**EXERCISE GOAL**
Word for word, set down the lines from the one that holds "4. A megkelt" through the final line of the listing below, and exclude every picture.
►
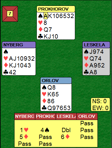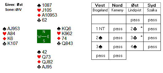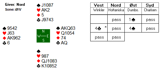 6 par vant 4 hjerter, tre av dem var doblet, ingen klarte å bete utgangen.
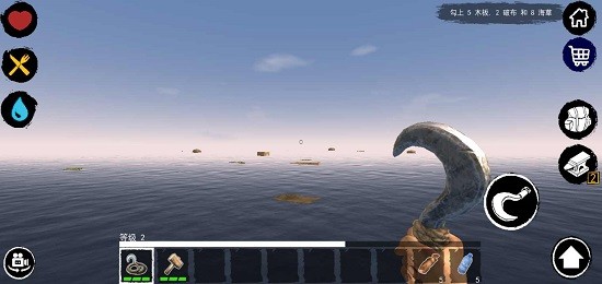 3、收集游戏中遇到的各种资源,包括生活物资,武器以及加固自己的船只物品。
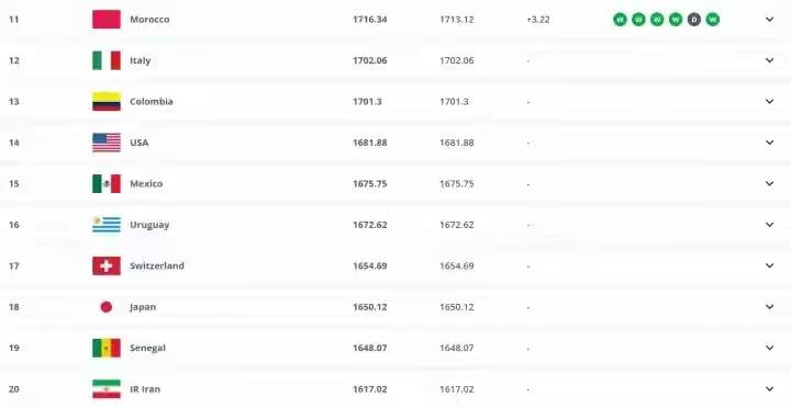 FIFA国家队年终排名前二十中,欧洲占据十队,半壁江山,不得不说欧洲足球依然是世界足球的中心;南美四队,都是强队;中北美及加勒比海地区、非洲和亚洲都是两队,其中伊朗排名第二十让部分球迷感到意外。
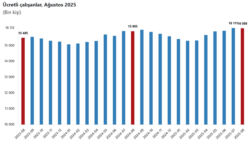 Ücretli çalışan sayısı bir önceki yılın aynı ayında 15 milyon 904 bin 602 kişi iken, 2025 yılı Ağustos ayında 16 milyon 89 bin 450 kişi oldu.
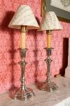 Each with octagonal base, baluster stem and removable candle nozzle, together with fitted metal and glass shades. Late 19th century.
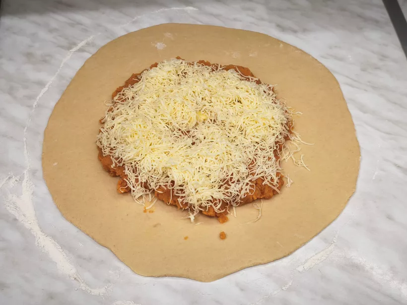 4. A megkelt tésztát lisztezett felületen átgyúrjuk, gombóccá formázzuk, majd nem túl vékonyra nyújtjuk. Közepére halmozzuk a fűszerezett burgonyát, megszórjuk reszelt sajttal, majd a tésztát ráhajtjuk, és a tésztaszéleket összenyomkodva lezárjuk. A tetejét meglisztezzük, majd megfordítjuk, és óvatosan tovább nyújtjuk.
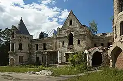 Западная часть здания — двухэтажная постройка с одной трёхъярусной и другой, примыкавшей к зданию с юго-запада, круглой башнями. Круглая башня венчает также фасад южного четырёхэтажного крыла замка, пристроенного в 1906 году[11]. Планировка помещений дворца была решена с помощью анфилад различной этажности. Во дворце находилось более 80 различных помещений, гостиных и жилых комнат. Проект был реализован с учётом всех нововведений: электрическое освещение построек и парка от автономного локомобиля, центральное отопление, водопровод от парового насоса и двух водонапорных башен, канализация, телефон в комнатах, собственная телеграфная станция[11].
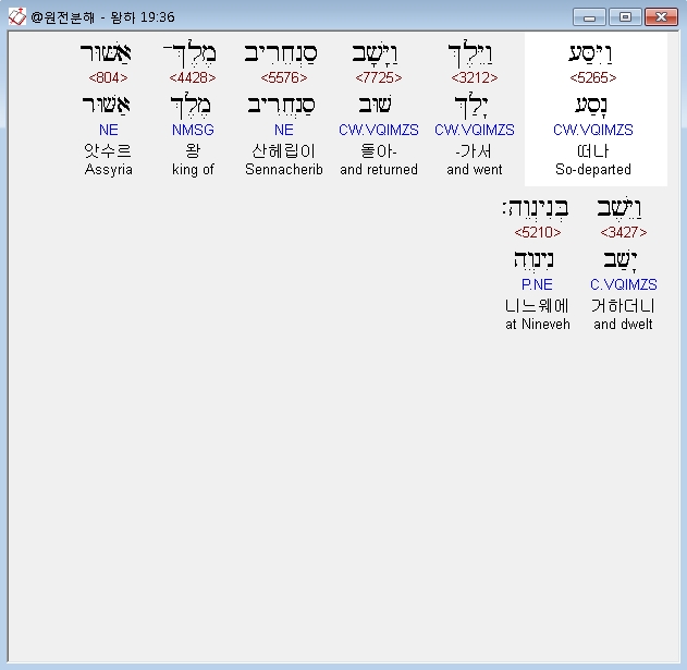 히브리어구약BHS,36 וַיִּסַּע וַיֵּלֶךְ וַיָּשָׁב סַנְחֵרִיב מֶלֶךְ־אַשּׁוּר וַיֵּשֶׁב בְּנִינְוֵה׃
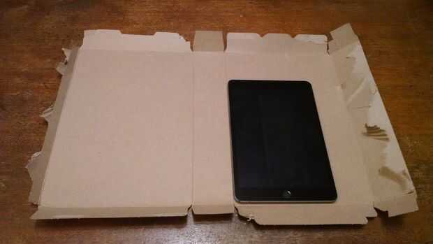 Poner el iPad en el lado derecho de la caja de cereal. Alinee con la esquina inferior izquierda de ese lado.
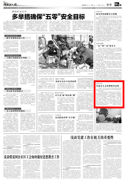 本報訊(李勝會 付軍亮)近年來,金華山礦切實加強企業(yè)文化建設(shè),全力打造良好的安全文化氛圍,創(chuàng)造舒適的工作生活環(huán)境。
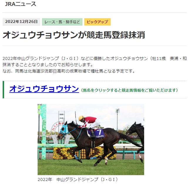 7番 画像 オジュウチョウサン抹消登録のお知らせ
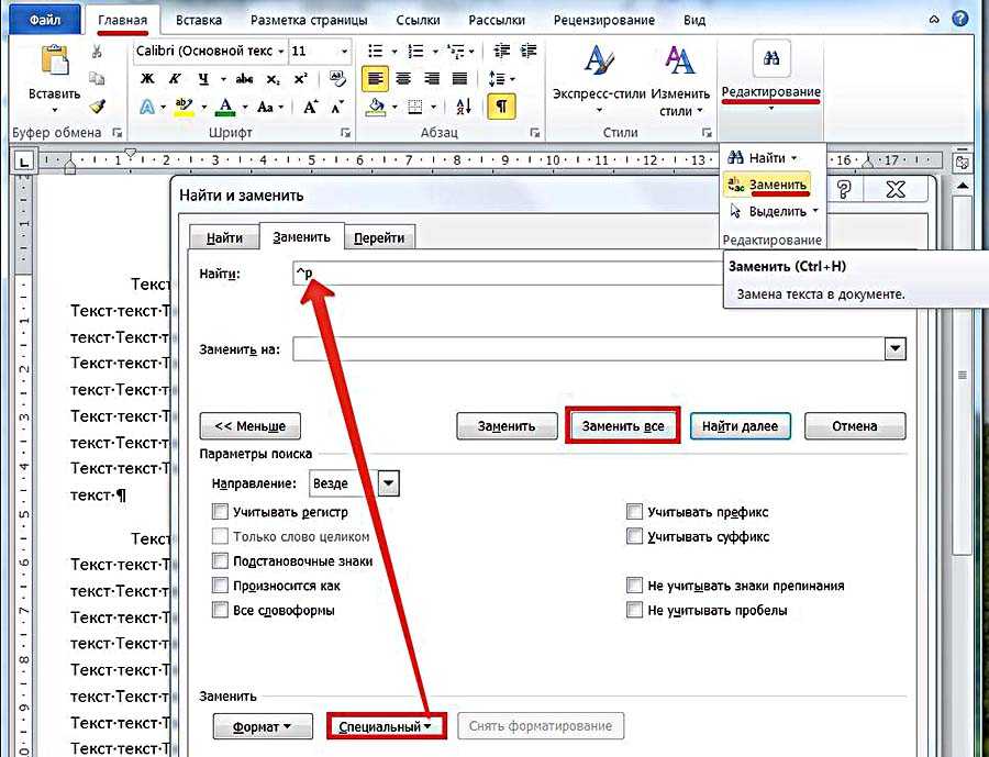 - Открыть список «Специальный» и выбрать в нём первый пункт «Знак абзаца». На строке «Найти» появится специальный символ;
◄
**RESPONSE AREA**
 4. A megkelt tésztát lisztezett felületen átgyúrjuk, gombóccá formázzuk, majd nem túl vékonyra nyújtjuk. Közepére halmozzuk a fűszerezett burgonyát, megszórjuk reszelt sajttal, majd a tésztát ráhajtjuk, és a tésztaszéleket összenyomkodva lezárjuk. A tetejét meglisztezzük, majd megfordítjuk, és óvatosan tovább nyújtjuk.
 Западная часть здания — двухэтажная постройка с одной трёхъярусной и другой, примыкавшей к зданию с юго-запада, круглой башнями. Круглая башня венчает также фасад южного четырёхэтажного крыла замка, пристроенного в 1906 году[11]. Планировка помещений дворца была решена с помощью анфилад различной этажности. Во дворце находилось более 80 различных помещений, гостиных и жилых комнат. Проект был реализован с учётом всех нововведений: электрическое освещение построек и парка от автономного локомобиля, центральное отопление, водопровод от парового насоса и двух водонапорных башен, канализация, телефон в комнатах, собственная телеграфная станция[11].
 히브리어구약BHS,36 וַיִּסַּע וַיֵּלֶךְ וַיָּשָׁב סַנְחֵרִיב מֶלֶךְ־אַשּׁוּר וַיֵּשֶׁב בְּנִינְוֵה׃
 Poner el iPad en el lado derecho de la caja de cereal. Alinee con la esquina inferior izquierda de ese lado.
 本報訊(李勝會 付軍亮)近年來,金華山礦切實加強企業(yè)文化建設(shè),全力打造良好的安全文化氛圍,創(chuàng)造舒適的工作生活環(huán)境。
 7番 画像 オジュウチョウサン抹消登録のお知らせ
 - Открыть список «Специальный» и выбрать в нём первый пункт «Знак абзаца». На строке «Найти» появится специальный символ;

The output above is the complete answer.